→ **WHAT IS NEEDED**
Leave out any picture and return the remaining listing below exactly as given.

→ **GIVEN DATA**

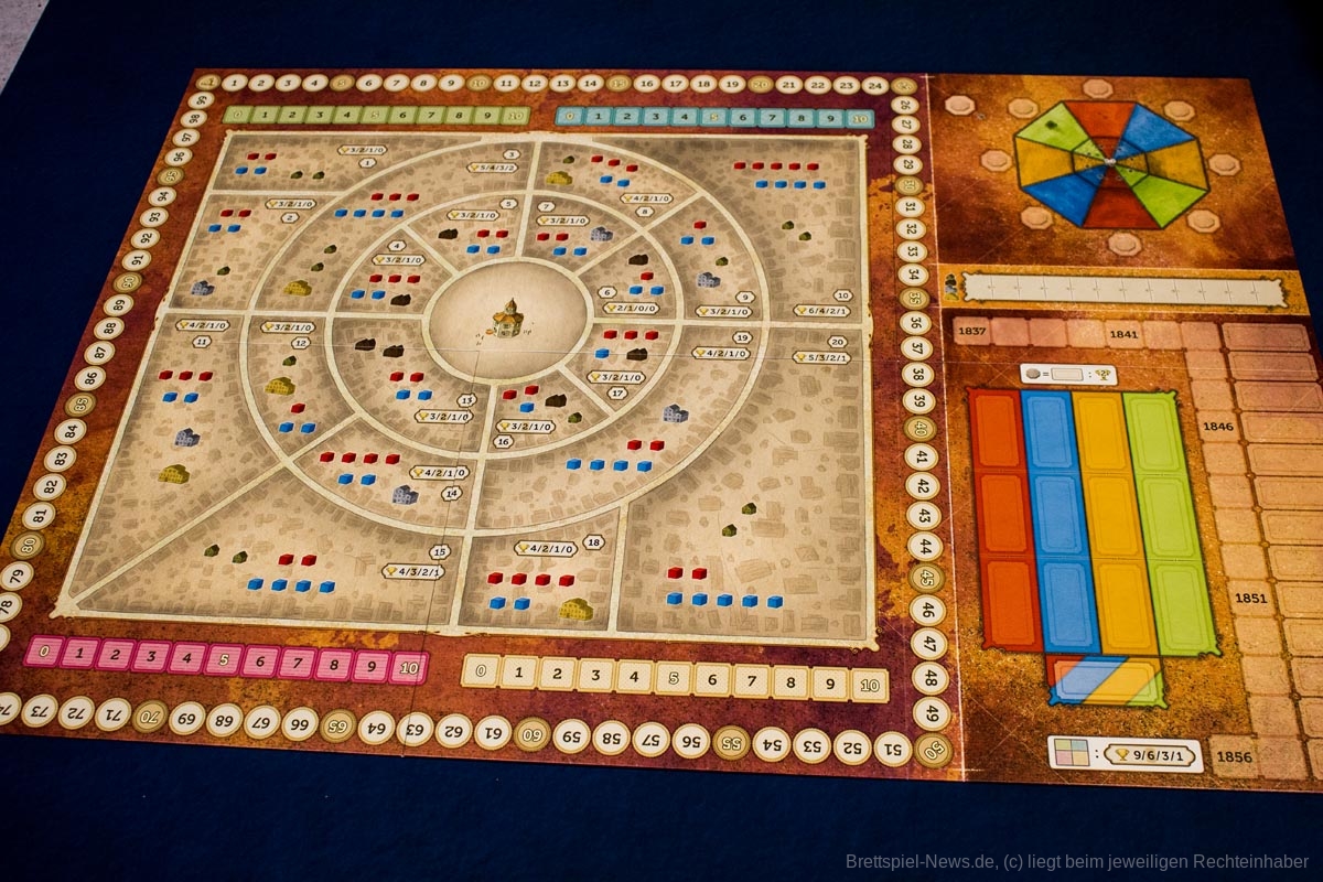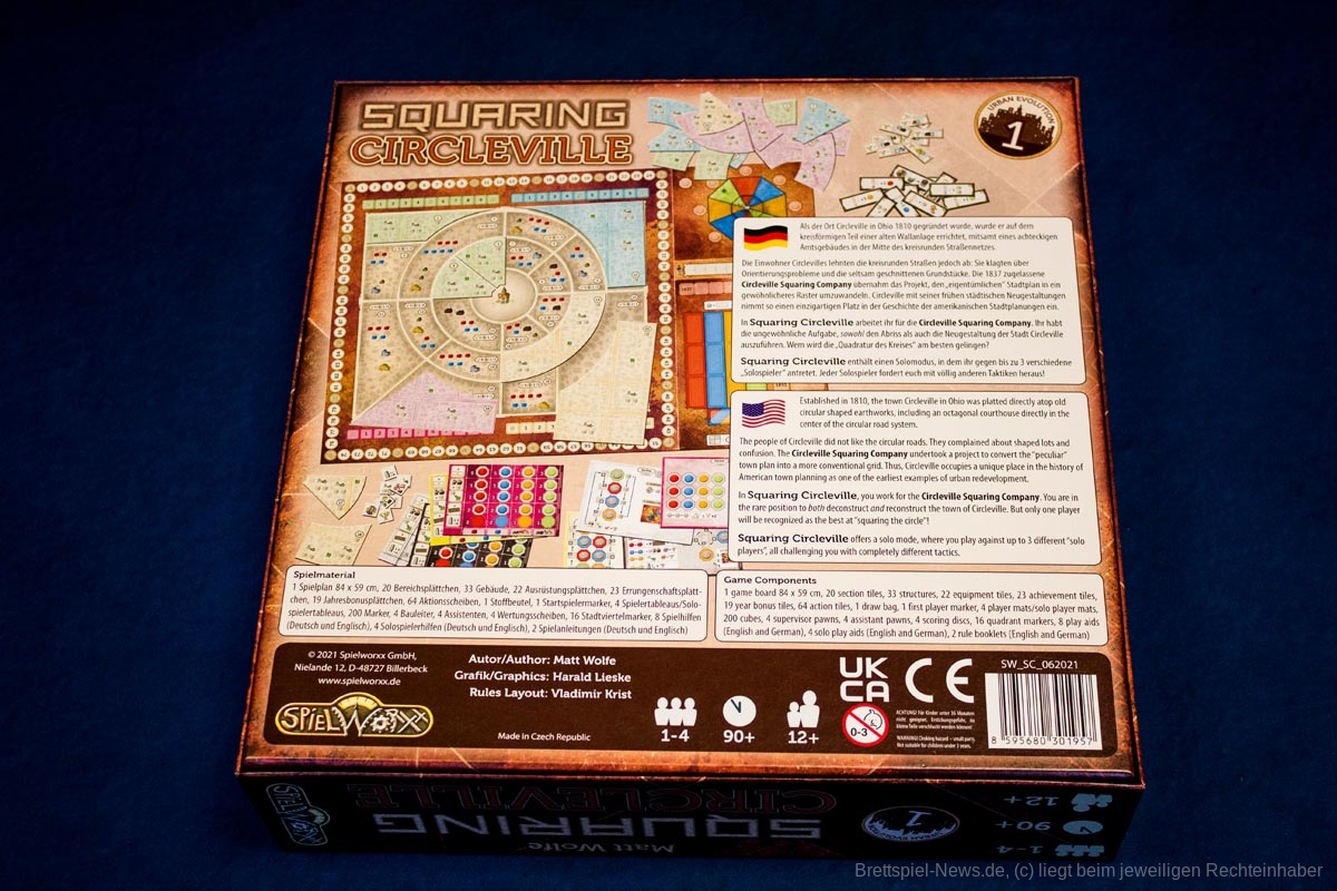 In „Squaring Circleville“ geht es um die Stadt Circleville, deren Bewohner in den 1830er Jahren gegen das kreisrunde Straßennetz aufbegehren. Diese historische Herausforderung wird im neuen Spielworxx Spiel aufgegriffen.
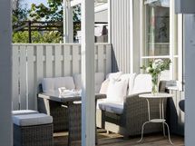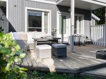 Oma suojaisa piha-alue avautuu lounaaseen ja sen terassilla voi nauttia vaikka aamukahvit auringossa. Vehreä pikku puutarha ilahduttaa ympäri vuoden - pionit, laventelit, mansikat, raparperit ja viinimarjat tuovat väriä, eloa ja kesän maun huulille. Pihan portti avaa kulun suoraan taloyhtiön leikkipaikalle - ihanteellinen ratkaisu lapsiperheelle.
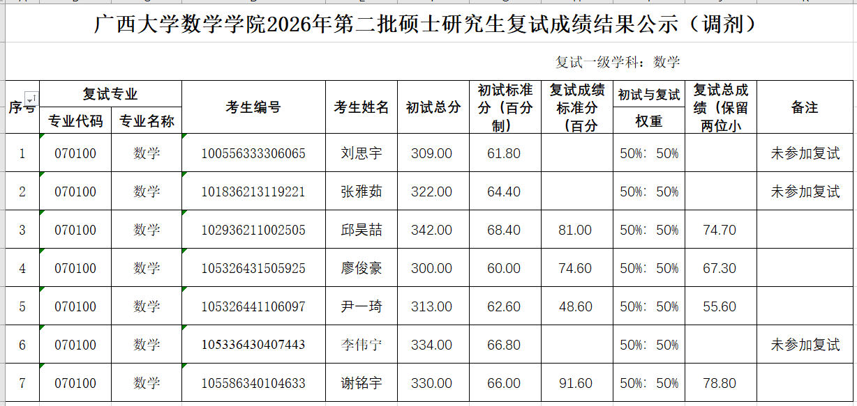 广西大学数学学院2026年第二批硕士研究生复试成绩结果公示(调剂)
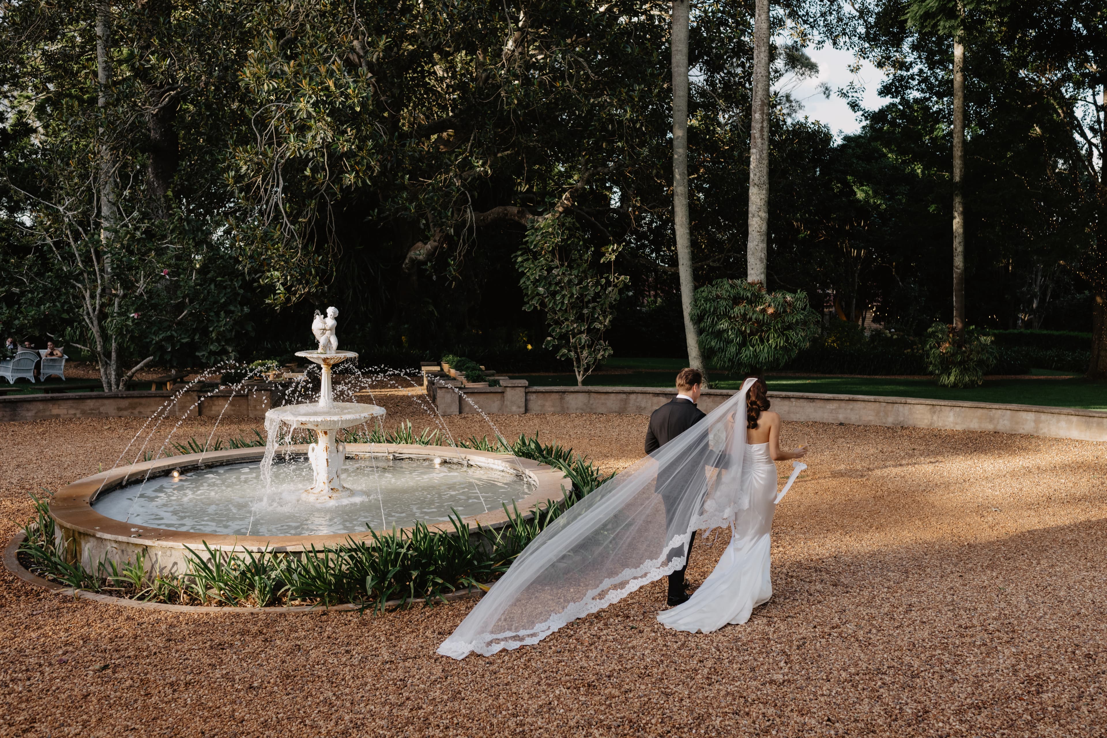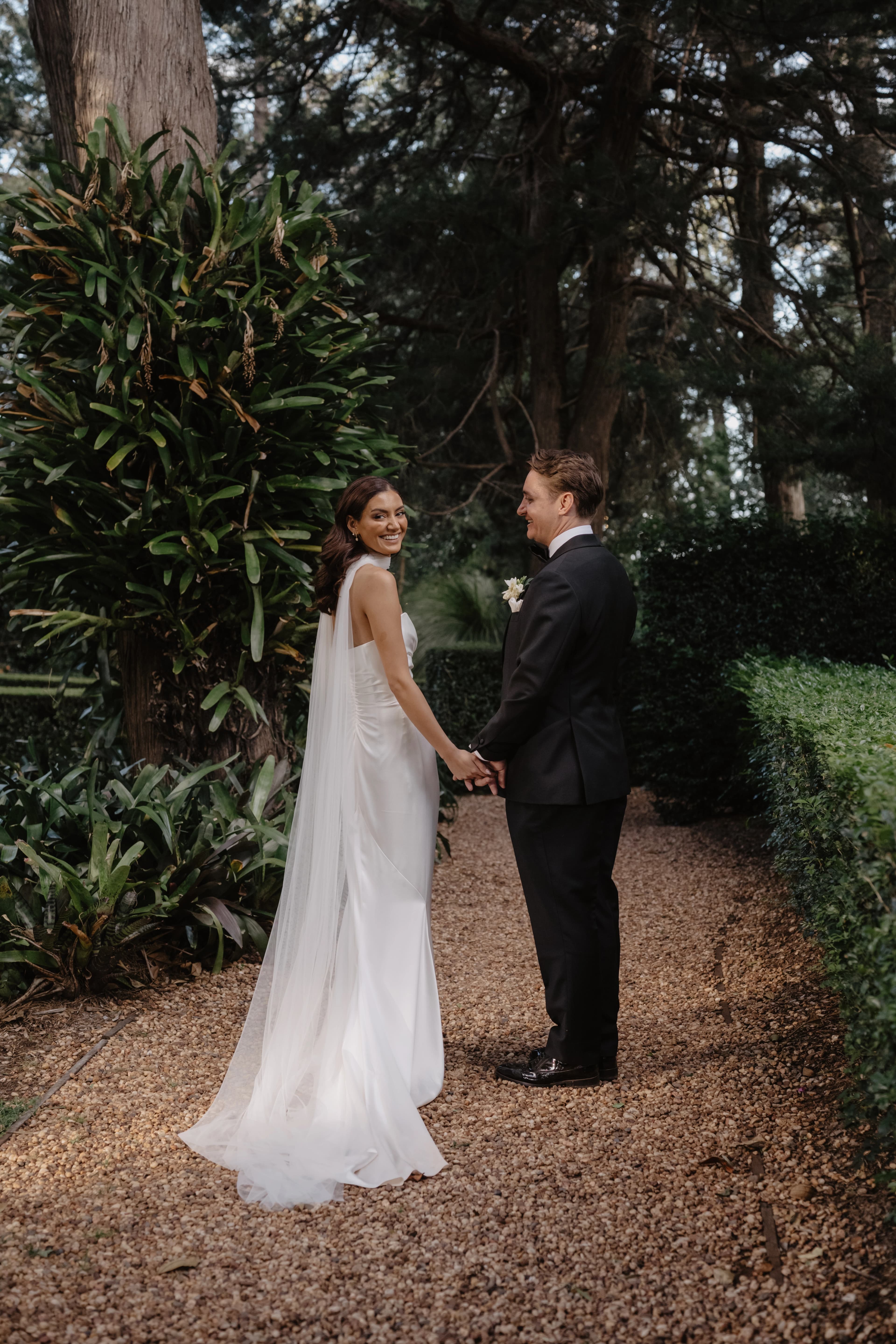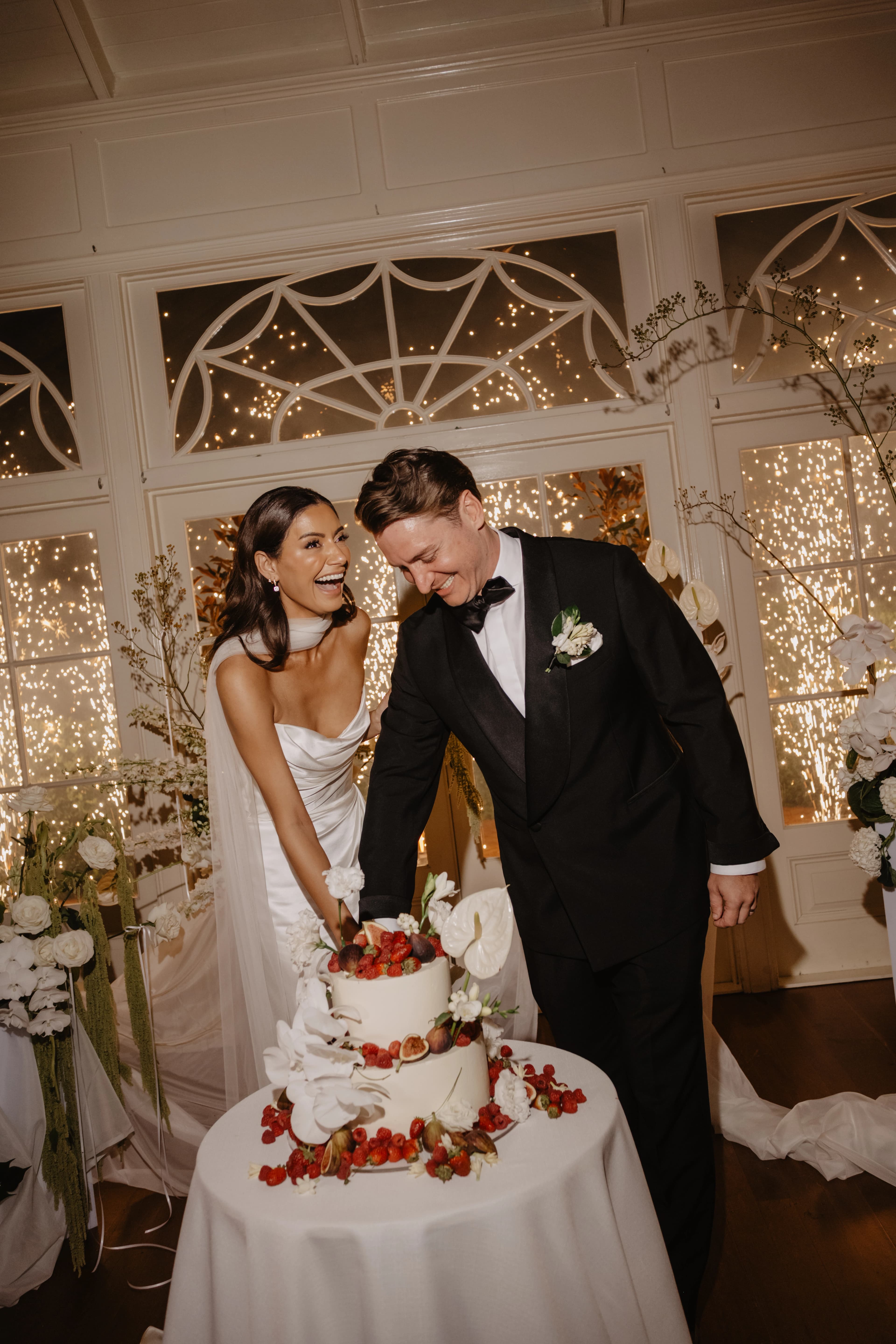 She entered with her father, her satin gown moving in liquid lines, veil edged in lace like fine engraving against air. The cedar stood before them as a sentinel, its branches folding into silence while orchids, garden roses and hydrangea gathered with greenery at its base — not as decoration but as offering, as though the garden itself leaned in to witness. White ribbons traced the aisle like streams of light, guiding guests into stillness as vows rose softly into the afternoon air. At the reception, the sense of intention carried through — pears nestled among florals, glassware tied with black ribbons etched in playful symbols and menus adorned with hand-drawn detail. Each table felt both refined and alive, blending elegance with personality. As candlelight gathered the evening close, the celebration seemed to distil into presence — luminous, grounded and enduring.

→ **WRITTEN ANSWER**
 In „Squaring Circleville“ geht es um die Stadt Circleville, deren Bewohner in den 1830er Jahren gegen das kreisrunde Straßennetz aufbegehren. Diese historische Herausforderung wird im neuen Spielworxx Spiel aufgegriffen.
 Oma suojaisa piha-alue avautuu lounaaseen ja sen terassilla voi nauttia vaikka aamukahvit auringossa. Vehreä pikku puutarha ilahduttaa ympäri vuoden - pionit, laventelit, mansikat, raparperit ja viinimarjat tuovat väriä, eloa ja kesän maun huulille. Pihan portti avaa kulun suoraan taloyhtiön leikkipaikalle - ihanteellinen ratkaisu lapsiperheelle.
 广西大学数学学院2026年第二批硕士研究生复试成绩结果公示(调剂)
 She entered with her father, her satin gown moving in liquid lines, veil edged in lace like fine engraving against air. The cedar stood before them as a sentinel, its branches folding into silence while orchids, garden roses and hydrangea gathered with greenery at its base — not as decoration but as offering, as though the garden itself leaned in to witness. White ribbons traced the aisle like streams of light, guiding guests into stillness as vows rose softly into the afternoon air. At the reception, the sense of intention carried through — pears nestled among florals, glassware tied with black ribbons etched in playful symbols and menus adorned with hand-drawn detail. Each table felt both refined and alive, blending elegance with personality. As candlelight gathered the evening close, the celebration seemed to distil into presence — luminous, grounded and enduring.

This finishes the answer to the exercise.